1. Introduction
When coronal mass ejections (CMEs) strike the Earth’s magnetosphere, they generate strong currents and electric fields. The interactions between these currents and fields trigger global geomagnetic storms. Storms inject large amounts of energy into the upper atmosphere, causing a rapid increase in the number of ionospherically charged particles. This causes significant changes in the structure and characteristics of the ionosphere, affecting wireless communications, satellite navigation, and power systems, all of which have significant impact on human society. Thus, studying the disturbance characteristics and three-dimensional morphological changes in the ionosphere during geomagnetic storms has important scientific significance and practical applications.
Traditional ionospheric detection methods such as ionospheric vertical sounding and incoherent scatter sounding suffer from limited spatial resolution owing to the scarcity of observation stations, which hinders a comprehensive understanding of subtle changes in the ionosphere.
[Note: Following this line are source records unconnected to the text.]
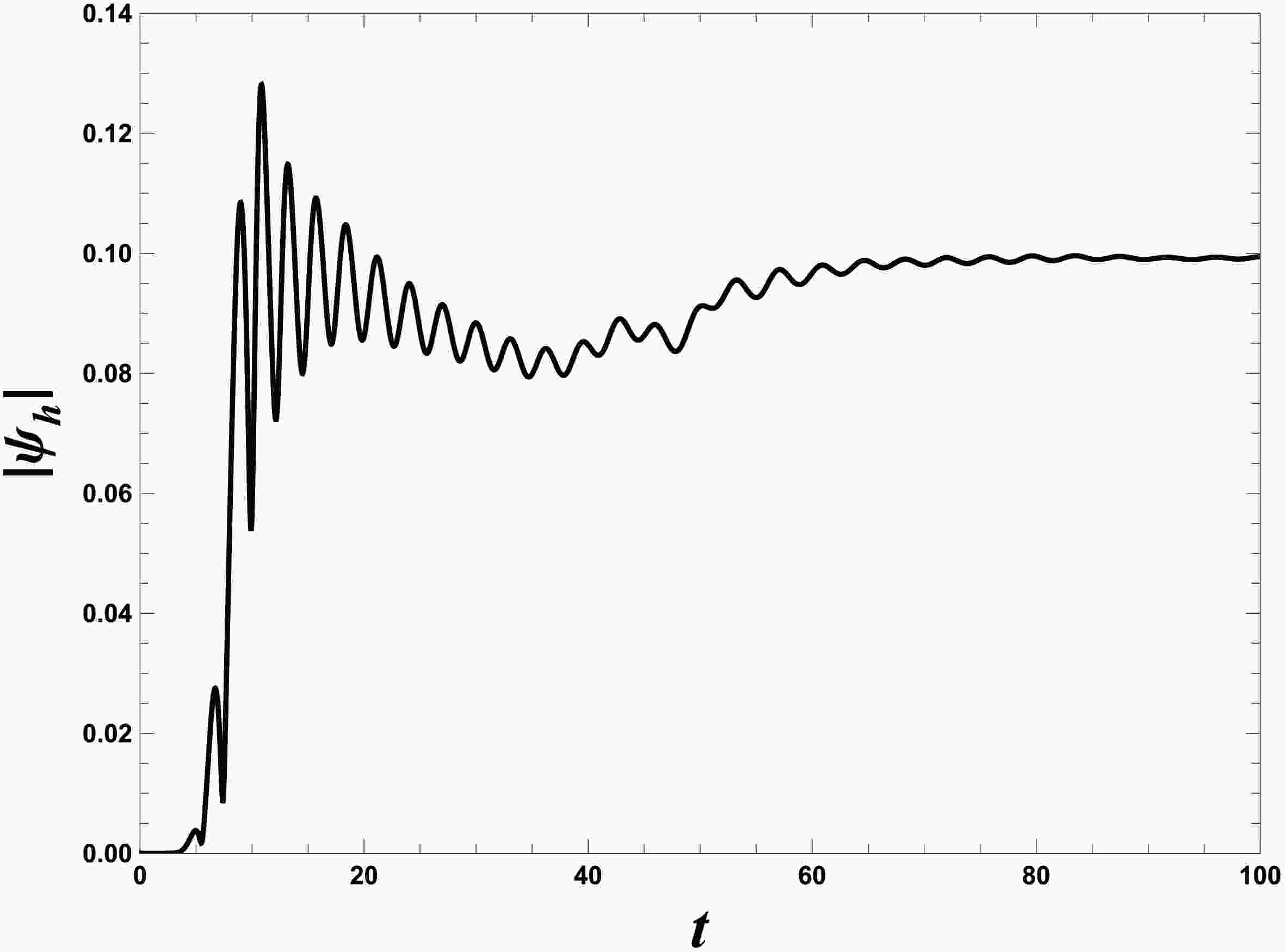 $ g_{tt} $ as functions of time t and radial coordinate r. The contour line of$ g_{tt}=0 $ corresponds to the location of the apparent horizon$ r_{h} $ , which increases with time t. The$ g_{tt} $ has little variation with t and asymptotically approaches$ -1 $ as r tends to infinity. Figure 2 displays a contour plot of$ g_{tr} $ as a function of t and r. The$ g_{tr} $ also has little variation with t and asymptotically approaches 0 as r tends to infinity. The metric of this dynamic black hole describes an asymptotically flat spacetime. The complex scalar field$ \psi(t, r) $ of this black hole is a function of t and r. Figure 3 depicts how the magnitude of the complex scalar field on the horizon$ |\psi_{h}| $ changes over time. Initially,$ |\psi_{h}|=0 $ , and at this point, the black hole has not yet acquired scalar hair. Then there is a sharp rise followed by rapid oscillations. As time progresses, the oscillation gradually dampen, and then the magnitude tends toward stabilization.
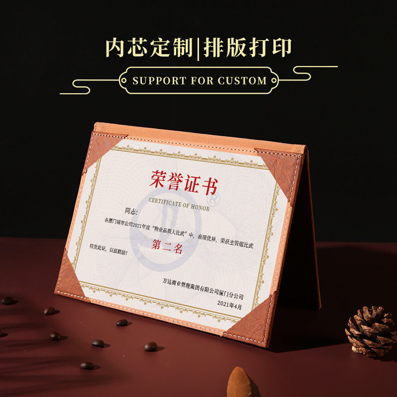 A4复古皮革横版荣誉证
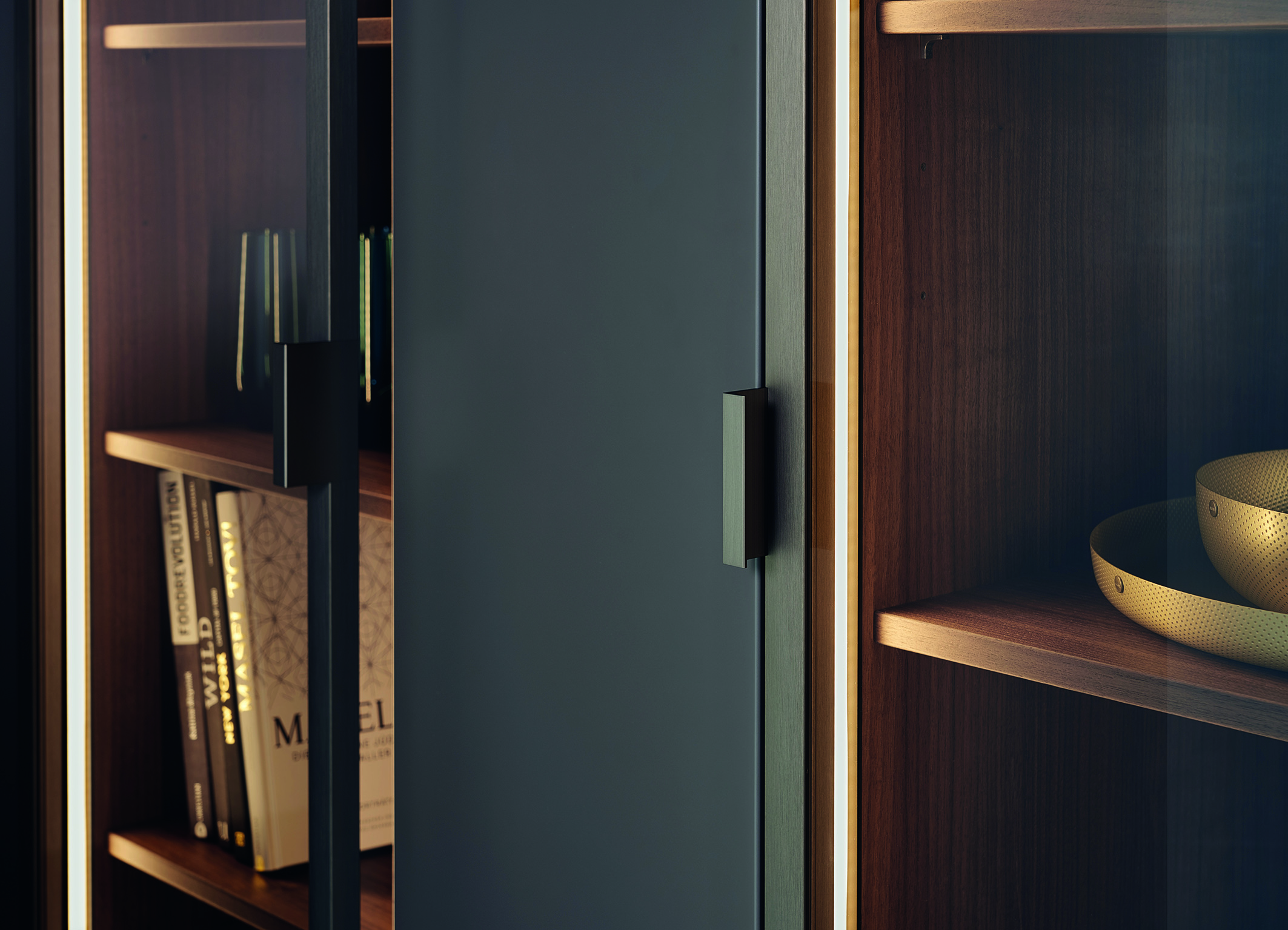 When borders merge: expressive surfaces and homely furnishing elements are effective details which can turn the kitchen and an adjoining living area into a harmonious living environment. The surface range STEEL by LEICHT Küchen, now being presented in the new colour ferro, deploys a range of exciting material accents made of steel and creates a snug modern atmosphere with an expressive look and pleasant feel. VERO is a new range of filigree display cabinets, which create a general harmonious feel with their homely character, with the range accentuating the kitchen‘s role as a living area within the home.

The advent of the Global Navigation Satellite System (GNSS) technology has enabled the acquisition of ionospheric structural characteristics and positioning with high spatial and temporal resolutions over large areas. GNSS-based ionospheric tomography (Computerized Ionospheric Tomography, CIT) has emerged as a focal point for obtaining the spatiotemporal distribution of the ionospheric electron density and its variations. CIT not only reflects horizontal changes in each ionospheric layer but also provides insights into the vertical coupling mechanisms between layers, making it a novel ionospheric detection approach.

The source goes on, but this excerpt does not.